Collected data
== Segment start ==

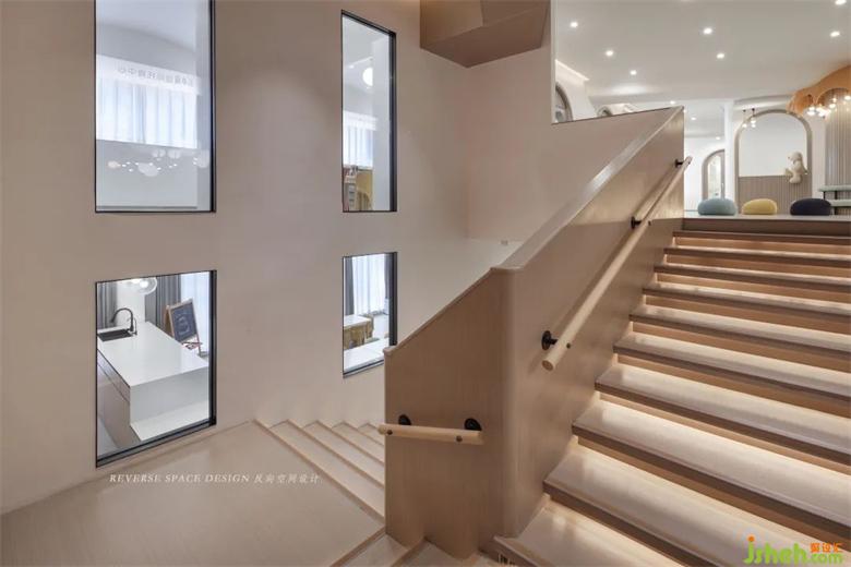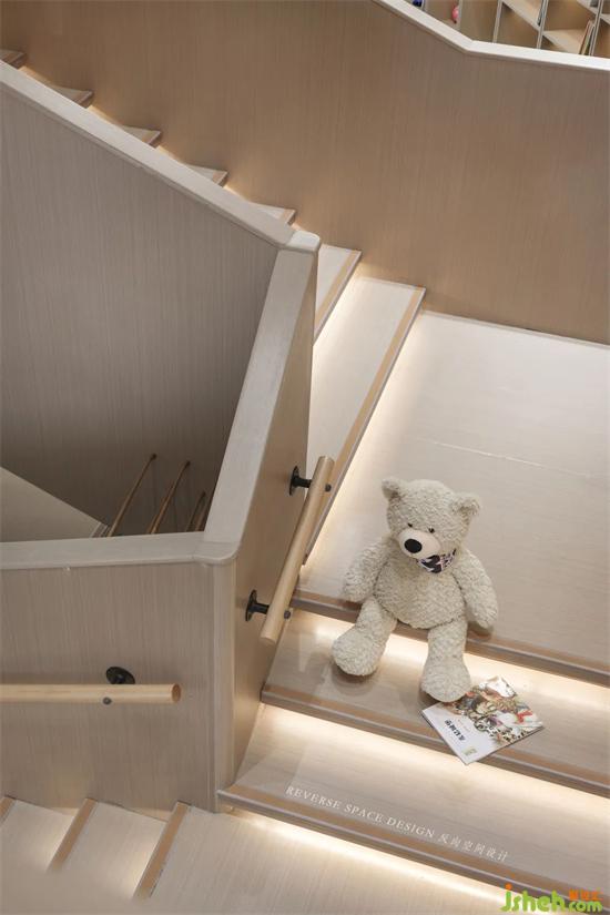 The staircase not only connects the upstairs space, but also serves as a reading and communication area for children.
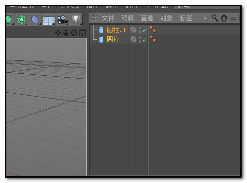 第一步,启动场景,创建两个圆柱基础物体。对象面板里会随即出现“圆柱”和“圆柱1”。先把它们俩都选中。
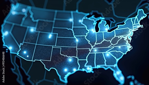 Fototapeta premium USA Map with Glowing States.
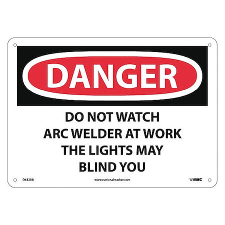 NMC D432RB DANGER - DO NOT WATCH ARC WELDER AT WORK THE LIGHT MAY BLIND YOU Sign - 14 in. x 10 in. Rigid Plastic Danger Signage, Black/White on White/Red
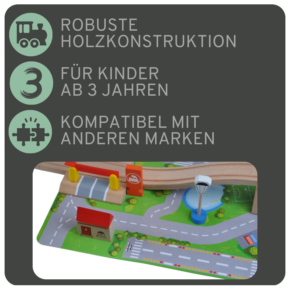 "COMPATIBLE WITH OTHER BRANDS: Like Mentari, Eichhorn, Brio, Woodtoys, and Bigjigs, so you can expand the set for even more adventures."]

== Segment end ==

__What to produce__. Would you print all of the entries exactly, omitting any image?

__Solution to the problem__.
 The staircase not only connects the upstairs space, but also serves as a reading and communication area for children.
 第一步,启动场景,创建两个圆柱基础物体。对象面板里会随即出现“圆柱”和“圆柱1”。先把它们俩都选中。
 Fototapeta premium USA Map with Glowing States.
 NMC D432RB DANGER - DO NOT WATCH ARC WELDER AT WORK THE LIGHT MAY BLIND YOU Sign - 14 in. x 10 in. Rigid Plastic Danger Signage, Black/White on White/Red
 "COMPATIBLE WITH OTHER BRANDS: Like Mentari, Eichhorn, Brio, Woodtoys, and Bigjigs, so you can expand the set for even more adventures."]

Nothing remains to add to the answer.